• Exercise inputs:
************
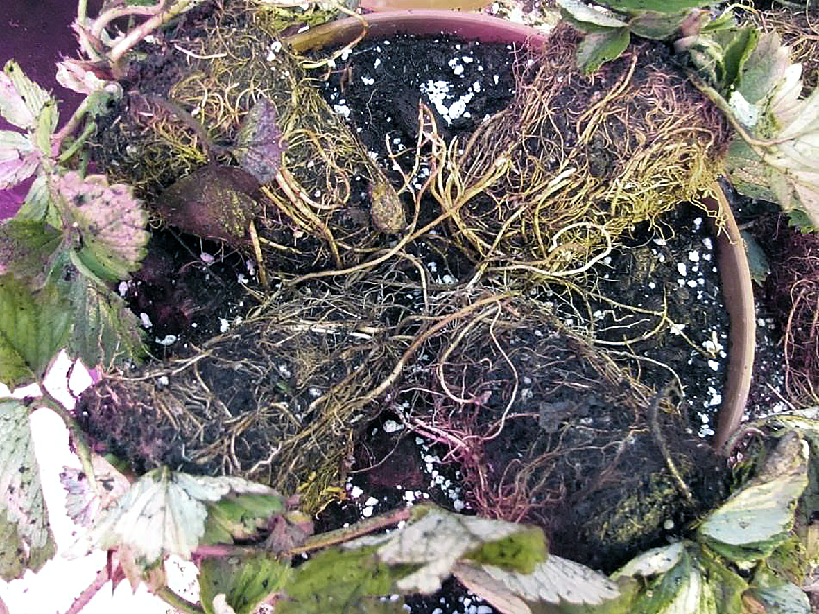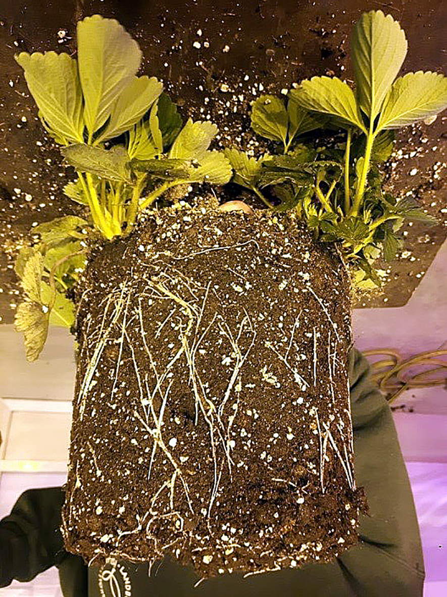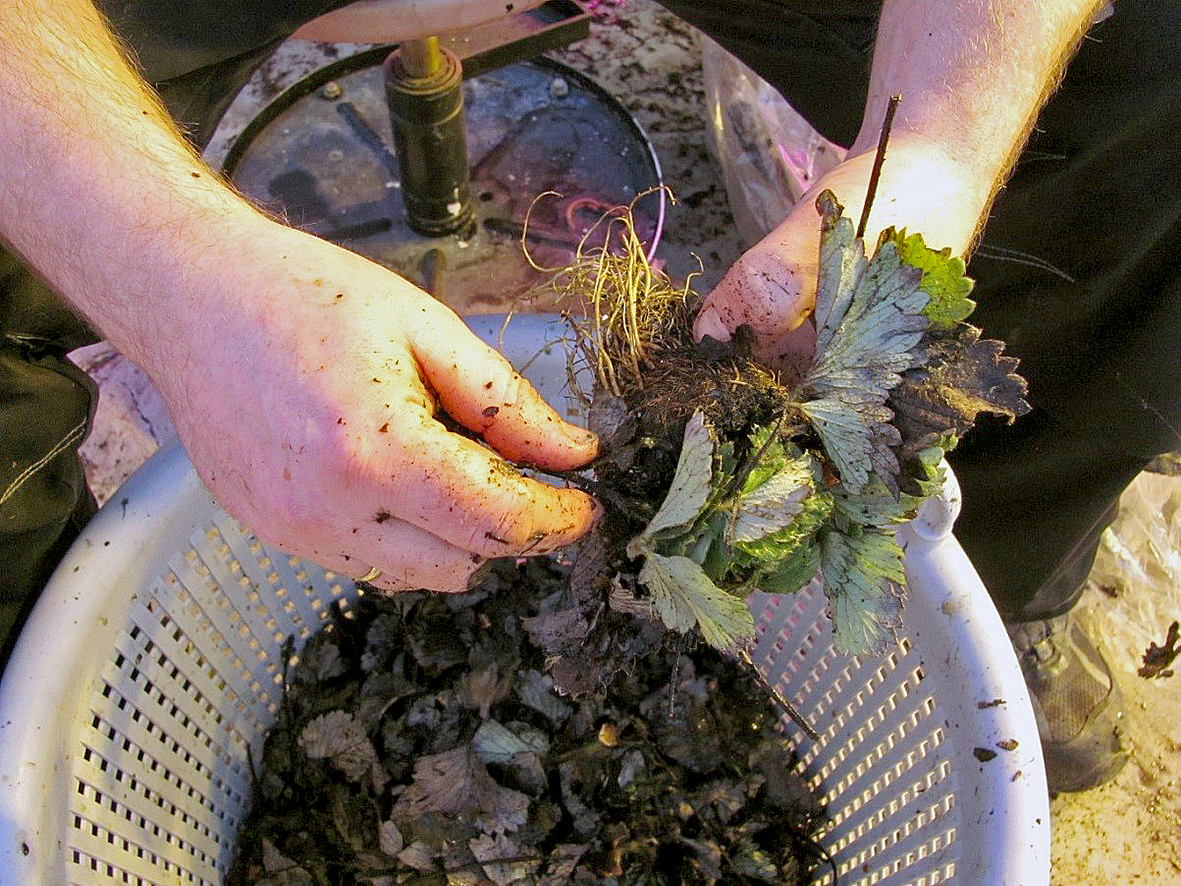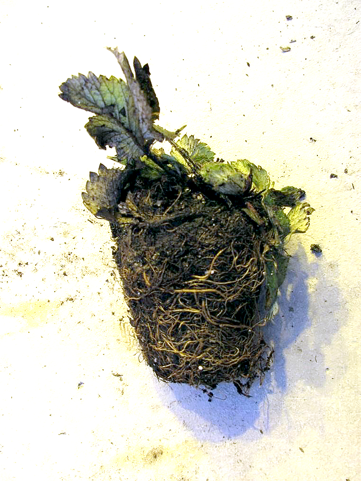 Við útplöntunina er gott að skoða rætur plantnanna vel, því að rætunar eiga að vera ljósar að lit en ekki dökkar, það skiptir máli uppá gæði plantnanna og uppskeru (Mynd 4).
************
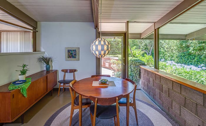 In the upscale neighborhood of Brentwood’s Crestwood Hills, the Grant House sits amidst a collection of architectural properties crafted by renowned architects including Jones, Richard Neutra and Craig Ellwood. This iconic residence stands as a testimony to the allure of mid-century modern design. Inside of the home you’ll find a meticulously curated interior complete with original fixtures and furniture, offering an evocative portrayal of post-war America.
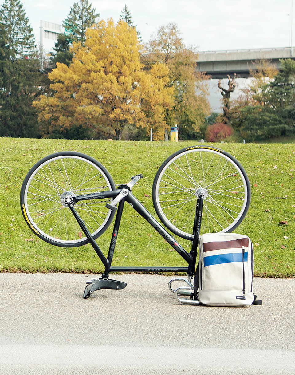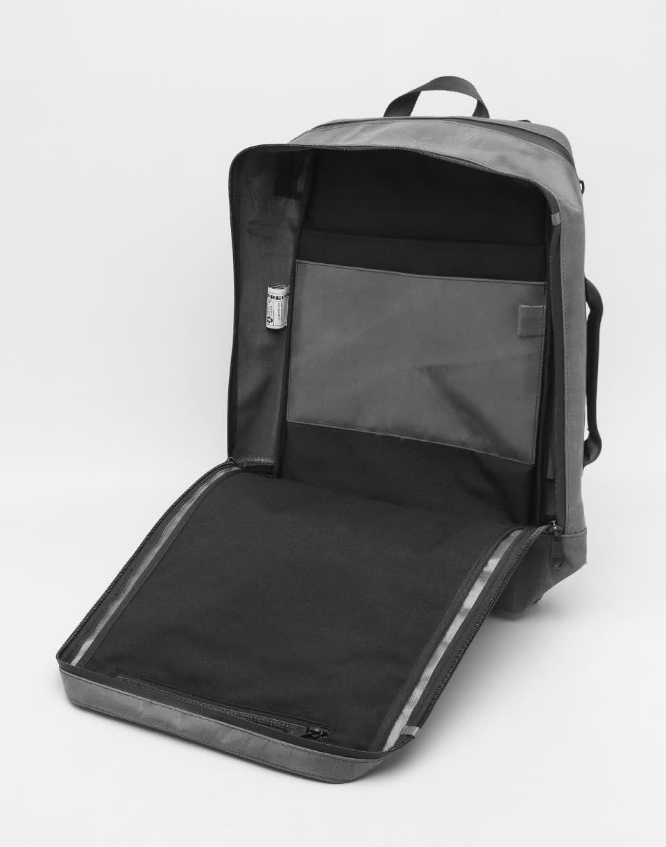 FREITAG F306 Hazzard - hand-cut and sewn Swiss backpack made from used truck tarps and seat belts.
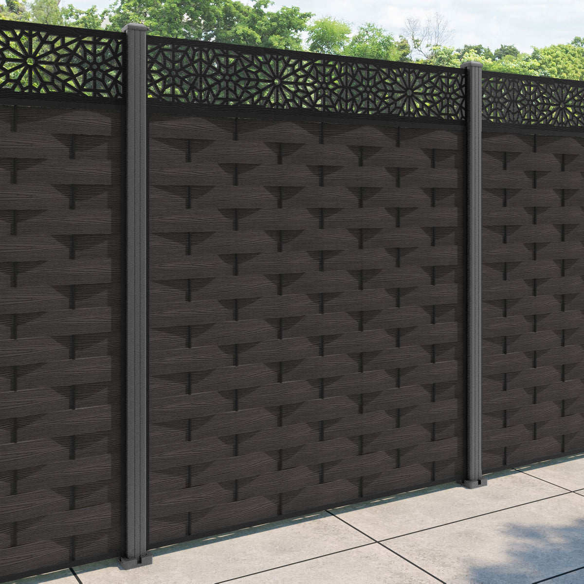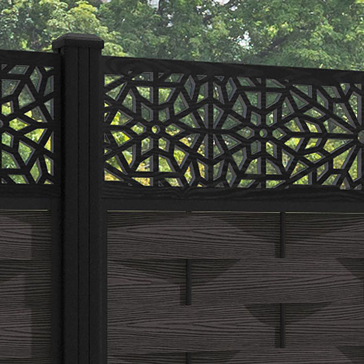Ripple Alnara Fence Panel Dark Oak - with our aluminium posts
************
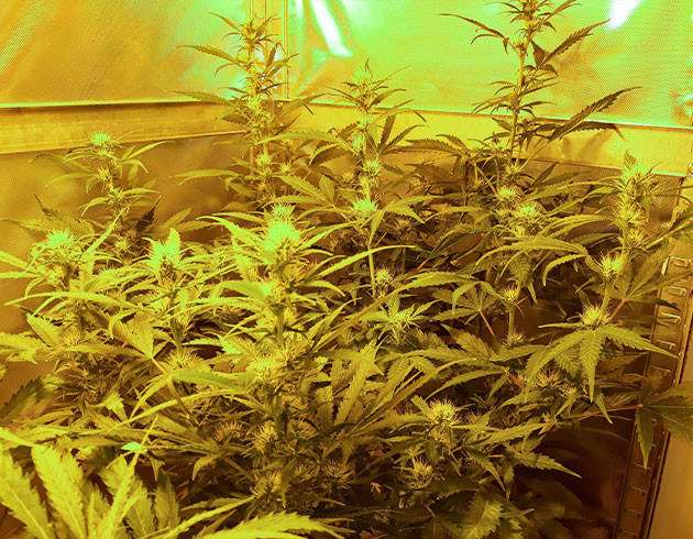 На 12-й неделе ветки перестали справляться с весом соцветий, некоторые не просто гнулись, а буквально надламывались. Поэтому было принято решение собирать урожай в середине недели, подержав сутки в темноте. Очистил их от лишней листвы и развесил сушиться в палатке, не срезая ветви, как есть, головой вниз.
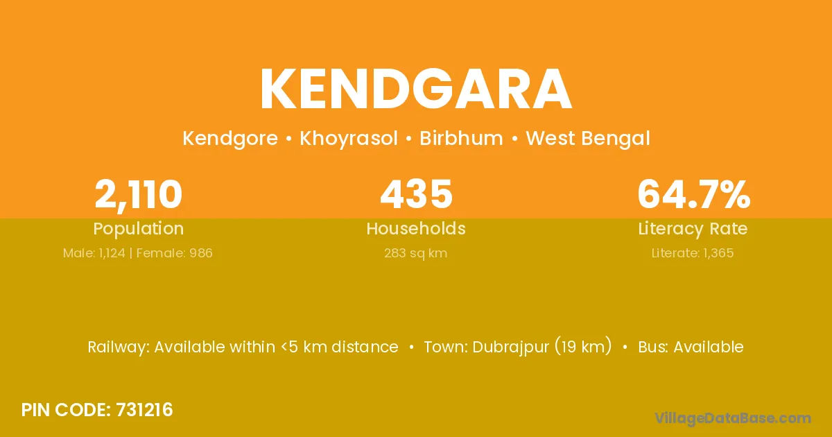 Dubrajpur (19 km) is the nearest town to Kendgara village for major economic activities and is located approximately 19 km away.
************
• Exercise details: Here the job is to copy the stretch of records from the line containing "FREITAG F306 Hazzard" through the line containing "Ripple Alnara Fence", word for word. Leave every picture out.

• Solution to this exercise:
 FREITAG F306 Hazzard - hand-cut and sewn Swiss backpack made from used truck tarps and seat belts.
Ripple Alnara Fence Panel Dark Oak - with our aluminium posts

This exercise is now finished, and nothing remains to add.